Do retuszowania poklatkowego często stosowany jest przez studia filmowe program Cinepaint - bazuje on na kodzie GIMP'a i został opracowany właśnie przez studia filmowe na ich potrzeby  :Wink: 

Jak sam widzisz masz całkiem spory wybór... i to bardzo profesjonalnego softu  :Wink: 

Pozdrawiam

daniel cegielka

PS. Oczywiście jak byś chciał dodać jeszcze trochę efektów specjalnych to masz Blendera, Yafray lub RenderMana (aqsis, pixie, bmrt)... ale tu warto już zbudować sobie farmę do renderingu (czyli sieć kompów) za pomocą Verse  :Wink: 

----------

## qermit

 *n3rd wrote:*   

> jeżeli kiedyś ripowałeś filmy to wiesz, że trwa to kilka lub kilkanaście godzin   

 Że niby ripowanie?

----------

## n3rd

 *qermit wrote:*   

>  *n3rd wrote:*   jeżeli kiedyś ripowałeś filmy to wiesz, że trwa to kilka lub kilkanaście godzin    Że niby ripowanie?

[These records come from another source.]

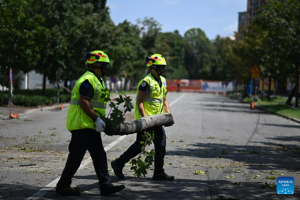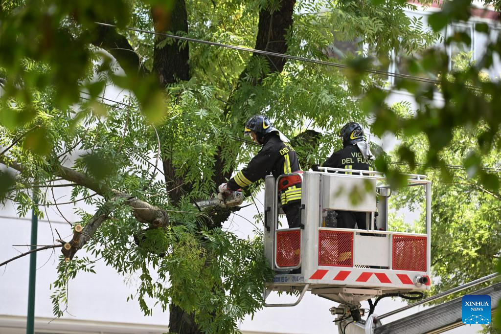 Workers remove a fallen branch after thunderstorms in Milan, Italy, on July 25, 2023. While the southern two-thirds of Italy struggled under the oppressive heat, most of the northern area was pelted by thunderstorms and over-sized hail. Media reports said the emergency services in Milan had responded to more than 200 requests for help related to flooding, fallen trees, and damage to cars and homes, since a severe storm hit the city late Monday. (Str/Xinhua)
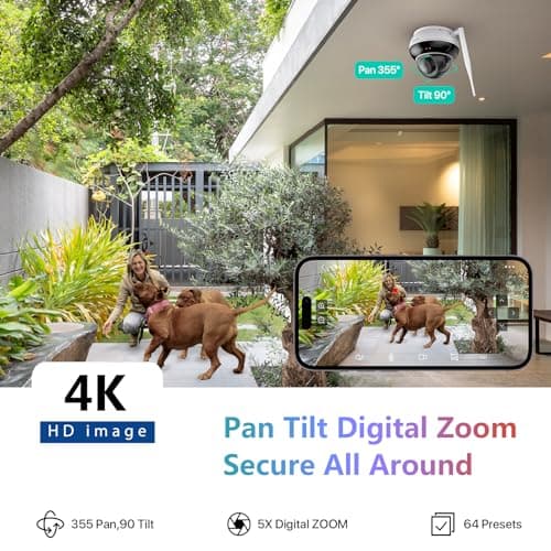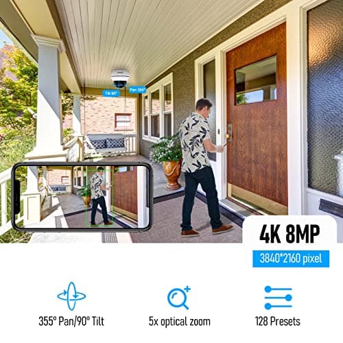 JideTech Outdoor 4K PTZ POE Camera, 8MP IP Dome Camera with 5X Optical Zoom, IR Night Vision Human/Motion Detection, Built in 2-Way Audio, Pan/Tilt, SD Card Slot
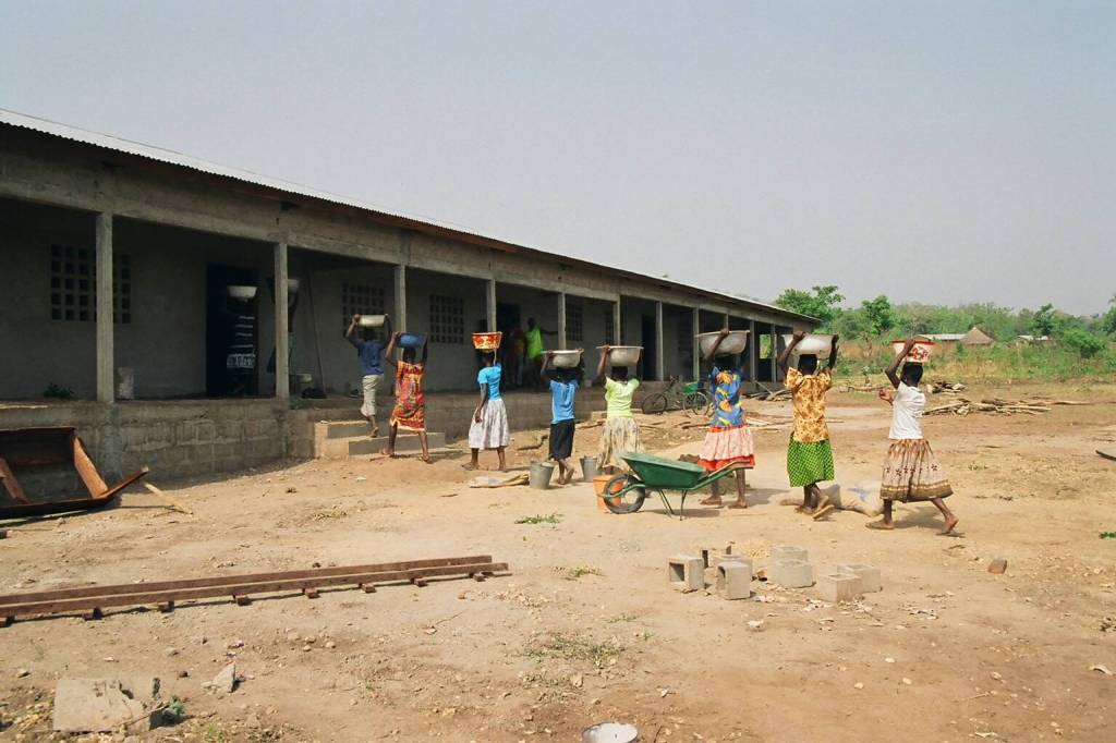 Students help build a secondary school funded by a Peace Corps grant in Dimori, Togo in 2004. Now, a Juneau woman who helped get the first school built is helping to fund a new larger school to meet expanded demand.
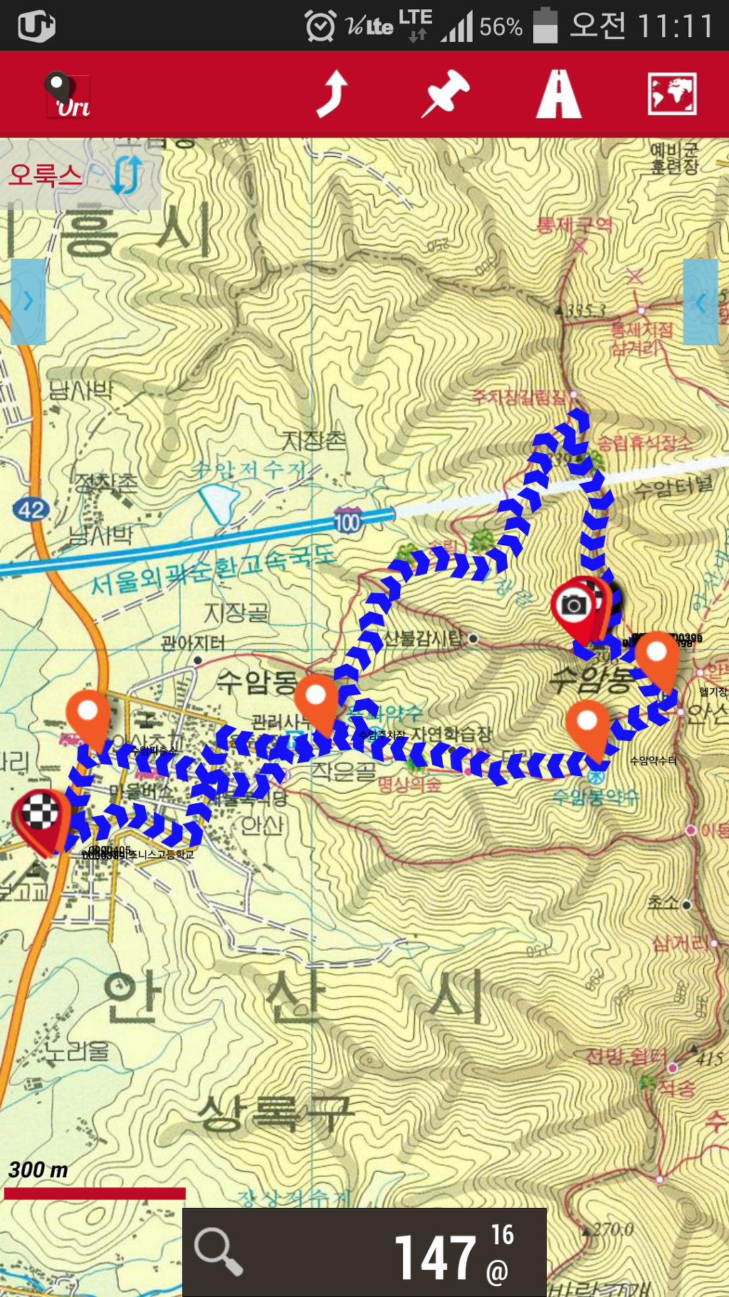 안산국제비즈니스고등학교(58m) → 수암등산로입구(관리사무소/69m) → 수암봉(秀岩峰/398m) → 헬기장(312m) → 수암약수터(194m) → 수암등산로입구(관리사무소/69m) → 수암파출소(39m) → 안산국제비즈니스고등학교(58m)
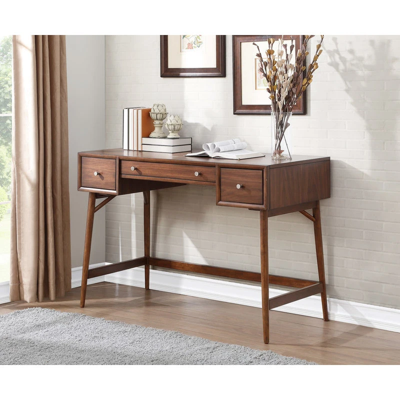 Providing functional use and retro-modern styling for your home is the Lenore Collection. The counter height desk, writing desk and 64-inch wide TV stand allow for perfect placement within your home to fit your individual needs. The brown finish combined with polished nickel knob hardware and a mid-century inspired profile, all blend effortlessly to create this stylish home collection. Also offered in Occasional.
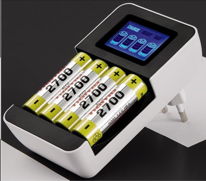 - zásuvková nabíjačka pre 1-4 NiMH akumulátory AA (mignon) alebo AAA (micro) - 4 individuálne nabíjacie sloty, každý akumulátor je monitorovaný a nabíjaný samostatne (možnosť nabíjania akumulátorov rôzneho typu a kapacity súčasne) - LCD displej s grafickým zobrazením priebehu nabíjania - nabíjanie riadené mikroprocesorom (ochrana proti prebitiu a prehriatiu akumulátorov) - automatické ukončenie nabíjania pomocou detekcie Delta-U - bezpečnostná časová poistka - detekcia vadných akumulátorov - ochrana proti nesprávnej polarite Technické parametre: - typ nabíjačky: automatická - konštrukcia nabíjačky: zásuvková (integrovaná sieťová vidlica) - typ akumulátorov: NiMH, veľkosť AA (R6) mignon/AAA (R03) micro - nabíjací prúd: 450 mA (AA)/200 mA (AAA) - napájanie: 100-240 V/50 Hz - farba: čierna/biela

 Nom... ale to zależy od sprzętu a jeszcze bardziej od jakości jaką chcesz uzyskać... Na kompie Athlon XP 1700+ i 256RAM ripowanie DVD trwało prawie całą noc... Z jakości byłem bardzo zadowolony (super) tylko, że w jednej scenie była bardzo efektowna eksplozja i tu się trochę posypało "kwadracikami"  :Wink: 

Na czas ripowania w moim przypadku wpływało to, że oddzielnie zgrywałem na dysk obraz +oddzielnie ripowanie i oddzielnie dźwięk +kompresja i na koniec trzeba było to jeszcze poskładać w całość... a to też trochę trwało. Zbyt wiele roboty jak na zwykły film  :Wink: 

Bardzo polecam zastosować acidrip z mencoderem.

Pozdrawiam

daniel cegielka

----------

## joi_

avidemux tyż fajny  :Wink:  i z tego co widzę ma opcję, o której mowa w pierwszym poście

----------

## dlugidll

a kto mi powie, jak uzyc tego programu avidemux?

nagralemfilm w xvidcap. film dziala ale 30 sek zajmuje 9MB. Nagrywalem filmik z desktopa w ozdzielczosci 800*600.

ale poprosze o instrukcje jak skompresowac ten film do jakiejs sensownej wielkosci.

Owszem film moge optworzyc w avvidemux2, ale nibardzo wiem jak go skompresowac.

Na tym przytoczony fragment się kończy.